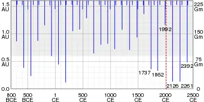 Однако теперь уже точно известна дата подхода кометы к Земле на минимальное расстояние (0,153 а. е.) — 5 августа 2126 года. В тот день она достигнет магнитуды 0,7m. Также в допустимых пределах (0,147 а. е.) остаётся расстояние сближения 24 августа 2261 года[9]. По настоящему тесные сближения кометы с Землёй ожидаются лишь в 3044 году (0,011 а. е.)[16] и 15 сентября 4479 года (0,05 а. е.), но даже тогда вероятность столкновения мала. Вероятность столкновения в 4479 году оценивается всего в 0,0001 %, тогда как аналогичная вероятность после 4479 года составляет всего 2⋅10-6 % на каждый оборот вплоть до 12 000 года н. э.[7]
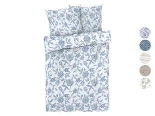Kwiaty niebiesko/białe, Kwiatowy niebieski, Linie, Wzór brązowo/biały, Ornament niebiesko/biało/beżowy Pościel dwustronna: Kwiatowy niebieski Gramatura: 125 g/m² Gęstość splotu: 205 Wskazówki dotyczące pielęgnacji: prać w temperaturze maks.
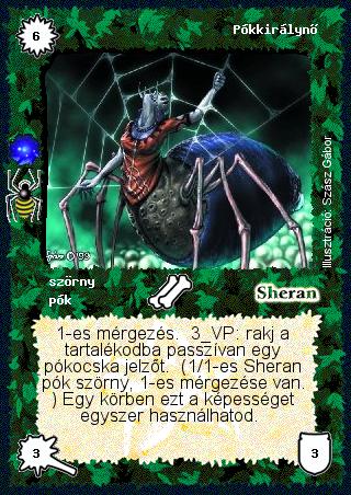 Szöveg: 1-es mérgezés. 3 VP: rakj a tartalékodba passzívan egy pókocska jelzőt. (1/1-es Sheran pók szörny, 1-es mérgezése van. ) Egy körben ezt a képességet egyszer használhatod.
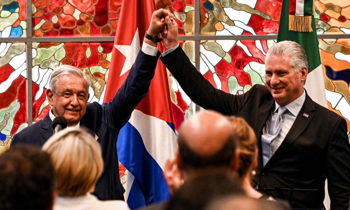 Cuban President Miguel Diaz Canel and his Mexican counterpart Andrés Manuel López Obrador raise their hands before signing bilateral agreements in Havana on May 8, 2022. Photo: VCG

*ASSIGNED TASK*. Copy the whole of the material above exactly, and exclude every picture.

*TASK ANSWER*.
 Однако теперь уже точно известна дата подхода кометы к Земле на минимальное расстояние (0,153 а. е.) — 5 августа 2126 года. В тот день она достигнет магнитуды 0,7m. Также в допустимых пределах (0,147 а. е.) остаётся расстояние сближения 24 августа 2261 года[9]. По настоящему тесные сближения кометы с Землёй ожидаются лишь в 3044 году (0,011 а. е.)[16] и 15 сентября 4479 года (0,05 а. е.), но даже тогда вероятность столкновения мала. Вероятность столкновения в 4479 году оценивается всего в 0,0001 %, тогда как аналогичная вероятность после 4479 года составляет всего 2⋅10-6 % на каждый оборот вплоть до 12 000 года н. э.[7]
Kwiaty niebiesko/białe, Kwiatowy niebieski, Linie, Wzór brązowo/biały, Ornament niebiesko/biało/beżowy Pościel dwustronna: Kwiatowy niebieski Gramatura: 125 g/m² Gęstość splotu: 205 Wskazówki dotyczące pielęgnacji: prać w temperaturze maks.
 Szöveg: 1-es mérgezés. 3 VP: rakj a tartalékodba passzívan egy pókocska jelzőt. (1/1-es Sheran pók szörny, 1-es mérgezése van. ) Egy körben ezt a képességet egyszer használhatod.
 Cuban President Miguel Diaz Canel and his Mexican counterpart Andrés Manuel López Obrador raise their hands before signing bilateral agreements in Havana on May 8, 2022. Photo: VCG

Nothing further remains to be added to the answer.